The starting point still treats US-China competition as a winner-take-all "game" - if China wins, the US loses; if the US wins, China loses.
These articles resemble a three-part joke with a punchline in traditional Chinese folk art: First, the US plays the role of imperial arrogance; second, the US must dominate the world; third, it absolutely cannot yield to any country; and the punchline is "defeat China."
This contrasts with China's approach during its reform and opening-up, when it learned from the US and the West. The difference is that China not only revitalized its self-reliant energy through learning and cooperation, but it enhanced cooperation and achieved development through reform and opening-up. Even when China had ambitious goals in certain areas, these goals were aimed at surpassing, not defeating or beating, any particular country. China never had a strategic design to replace or defeat the US.
Some American experts share a common view, attributing their country's relative decline and manufacturing downturn to China's rise. So, when they see China's success, their first reaction isn't to consider the opportunities that China's rise provides, but rather the "threats" it poses, followed by how the US should "counterattack" and "win."
This mind-set prevents them from truly understanding the historical significance of China's rise, let alone grasping the secrets of China's industrialization.
It's also important to emphasize that China's experience was generated within its system. Many key experiences may seem learnable, but due to their close relationship with institutional and social ecosystems, they cannot be applied to a country with a different system and cultural tradition. Even if they are adopted, these experiences would likely be "deformed."
About two decades ago, I proposed "de-Americanization," making precisely this point. At that time, China was learning from the US in every field. But today's China has shifted to a new path of Chinese modernization.
The fundamental differences in political systems, cultural traditions and development concepts between China and the US mean that the core of China's success isn't based on some replicable technical means, but on deep institutional foundations and cultural heritage.
More importantly, the entire US economic model is built on hegemonic dependence. Dollar hegemony enables the US to accumulate global wealth by printing money. Financial capitalism prioritizes short-term profit maximization, and the military-industrial complex relies on continuous international conflicts to sustain its profits.
The core logic of this system is maintaining an advantageous position through various forms of "plunder." Moreover, the inertia of hegemony means it cannot tolerate any country challenging its dominance, even if other countries develop peacefully.
Last but not least, why does China's rise exhibit such strong resilience?
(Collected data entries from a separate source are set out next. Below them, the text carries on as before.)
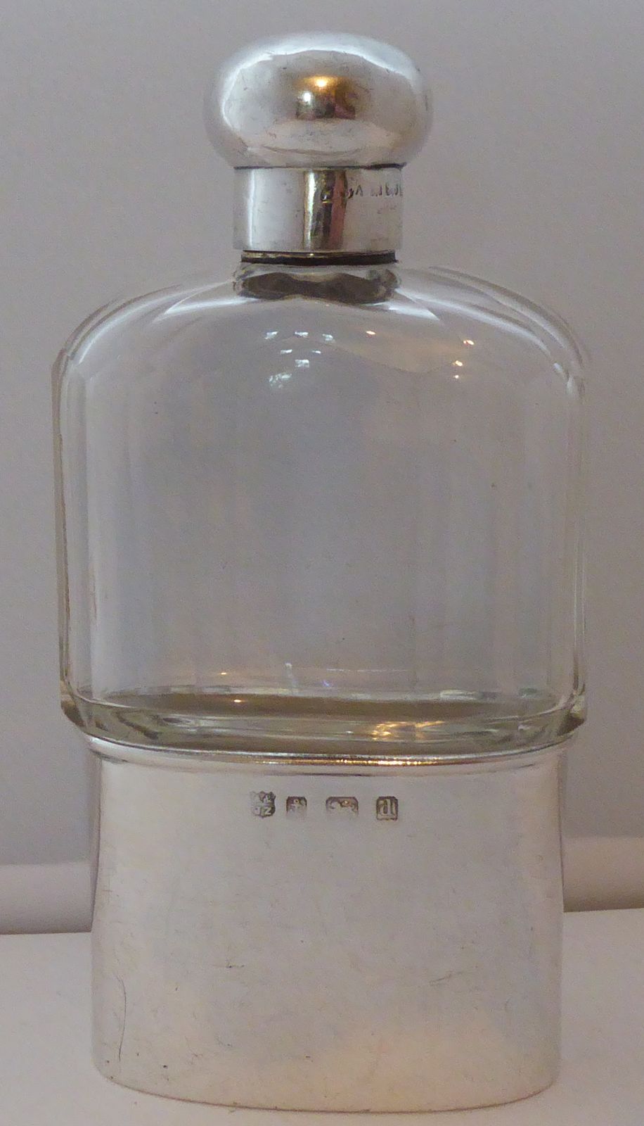 Birmingham 1903 Facet Cut Glass & Solid Hallmarked Silver Hip Flask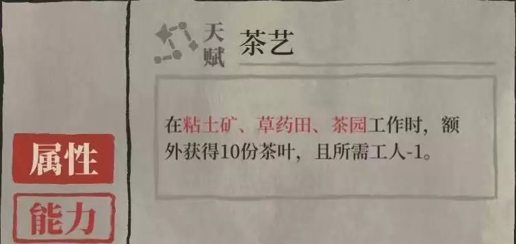 天赋:在黏土矿、草药田、茶园工作时,额外获取10份茶叶所需工人减少一位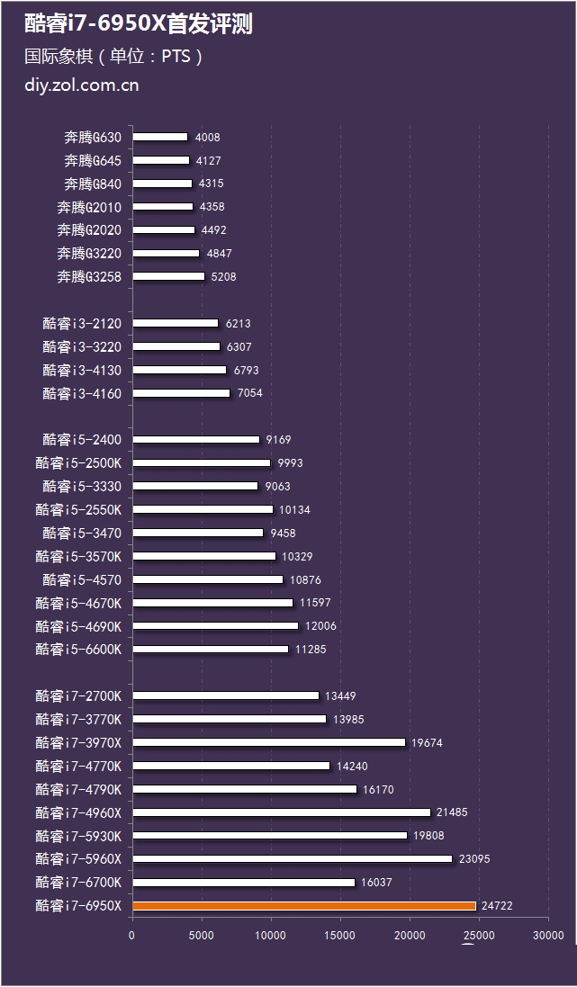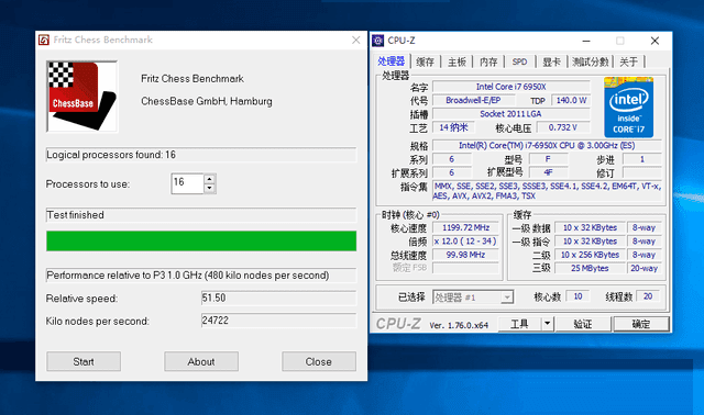 在国际象棋的测试中,由于软件只能识别出处理器的16个线程,相当于i7-6950X有四个线程并没有在测试中工作,因此相比上代产品的提升并不如wPrime来的明显。但1000多分的分数差距足以证明新款处理器具备了更好的运行效率。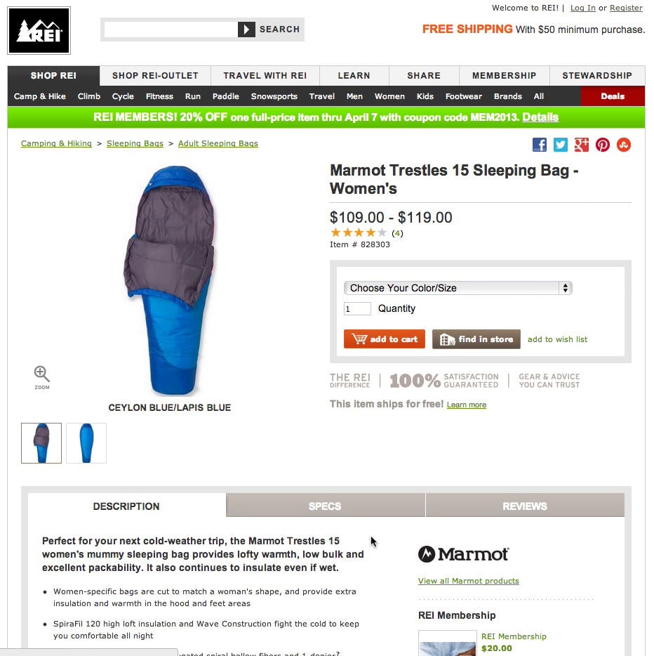 “I’m just looking for a number [the temperature rating]. This is crucial to buying a sleeping bag”, a user said before abandoning REI in anger. At REI 43% of users completely overlooked the horizontal tabs, despite actively searching the page for information only available within the “Specs” and “Reviews” tabs.

Because it's not built on suppressing or plundering other countries, but on the foundation of enhancing its strength through self-reliance.
When a country's development can be achieved without weakening or "defeating" other countries, and instead provides opportunities for common development through cooperation, that development becomes sustainable.
Therefore, some American experts can only seek "solutions" at the technical level without addressing the fundamental issues. In the face of China's rise, they see only threats, not the inevitability of human historical development.
When some American experts are still pondering how to "learn from China to beat China," they are destined to trap themselves in the maze of hegemony.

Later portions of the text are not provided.